Overall, our results show that reconstituted dry powder formulations of ZnO nanoparticles can induce antigen-specific antibodies and can be used in vaccines to enhance antigen-specific humoral immune responses against subunit protein antigens.

Practical Significance:

The use of solid vaccine dosage forms produced by spray drying extends shelf life and eliminates the need for a cold chain.
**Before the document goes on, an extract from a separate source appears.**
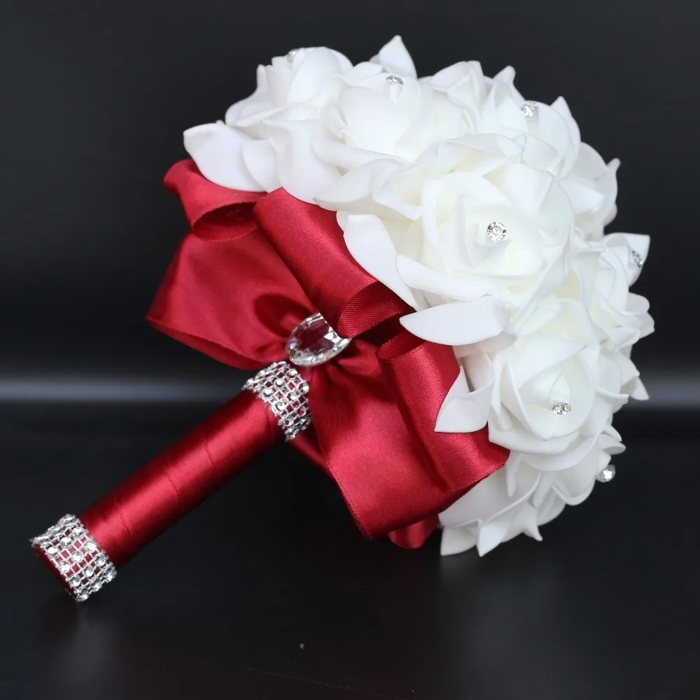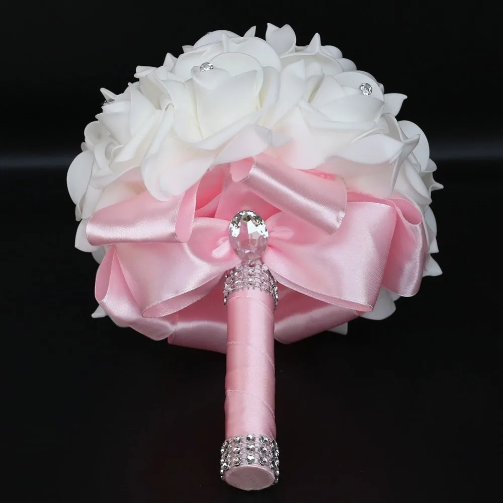 Romantic Rose Flower Bouquet PE Flower Satin Bridal Wedding Bouquet Simulation Artificial Rose Flower Bridal Wedding

Reconstituted dry powder formulations of ZnO nanoparticles display aerosolization properties suitable for lung delivery and can be used in vaccines to enhance antigen-specific humoral immune responses against subunit protein antigens.
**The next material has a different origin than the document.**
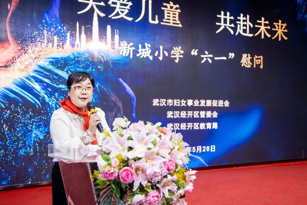 武漢經開區教育局黨委書記、局長熊白莉上臺致辭。她指出,武漢市婦女事業發展促進會與各位市老領導來到經開區新城小學開展捐贈慰問活動,充分展現了對經開區教育工作的厚愛和對孩子們健康成長的期望。希望新城小學以此次活動為新起點,落實好立德樹人根本任務,繼續秉承“快樂童年 多彩人生”的辦學理念,用好捐贈的教育資源,將足球這一辦學特色發揚光大,用優秀的辦學成果回饋各級領導和社會各界的關心支持。

📋 中文结构化总结 Chinese Structured Summary

中文

背景:

大多数已获批的人用疫苗均为液体制剂,但其储存稳定性较差,需要持续且昂贵的冷链储存。相比之下,采用喷雾干燥等方法制备的固体疫苗剂型可延长保质期并消除对冷链的需求。氧化锌(ZnO)基纳米颗粒具有免疫调节特性,但其作为干粉制剂的佐剂效应尚不明确。

方法:

通过系统调节喷雾干燥过程中ZnO与甘露醇的比例,我们制备了含卵清蛋白(OVA)的ZnO颗粒干粉制剂,该制剂具有以下特征:(i)球形或褶皱表面形态,(ii)适合肺部深层沉积的空气动力学直径和粒径分布,以及(iii)适合肺部递送的雾化特性。ZnO颗粒干粉制剂的重构液对Calu-3肺上皮细胞具有良好的耐受性。

结果:

本研究表明,含有模型抗原卵清蛋白(OVA)的ZnO颗粒干粉制剂重构后可诱导抗原特异性CD8+ T细胞应答和体液免疫应答。此外,ZnO颗粒重构液、以Alhydrogel®为佐剂的OVA以及以阳离子佐剂配方01(CAF®01)为佐剂的OVA所诱导的OVA特异性血清抗体应答几乎相当。然而,ZnO颗粒干粉重构液和以Alhydrogel®为佐剂的OVA在脾脏中诱导的OVA特异性CD8+CD44+ T细胞应答显著低于以CAF®01为佐剂的OVA。同样,ZnO颗粒干粉重构液在引流淋巴结中激活的滤泡辅助T细胞和生发中心B细胞比例也显著低于以CAF®01为佐剂的OVA。

数据总结:

ZnO颗粒重构液、以Alhydrogel®为佐剂的OVA以及以CAF®01为佐剂的OVA所诱导的OVA特异性血清抗体应答几乎相当。ZnO颗粒干粉重构液和以Alhydrogel®为佐剂的OVA在脾脏中诱导的OVA特异性CD8+CD44+ T细胞应答显著低于以CAF®01为佐剂的OVA。同样,ZnO颗粒干粉重构液在引流淋巴结中激活的滤泡辅助T细胞和生发中心B细胞比例也显著低于以CAF®01为佐剂的OVA。

结论:

总体而言,我们的研究结果表明,ZnO纳米颗粒干粉制剂重构后可诱导抗原特异性抗体,并可用于疫苗中以增强针对亚单位蛋白抗原的抗原特异性体液免疫应答。

实际意义:

采用喷雾干燥制备的固体疫苗剂型可延长保质期并消除对冷链的需求。ZnO纳米颗粒干粉制剂重构后具有适合肺部递送的雾化特性,并可用于疫苗中以增强针对亚单位蛋白抗原的抗原特异性体液免疫应答。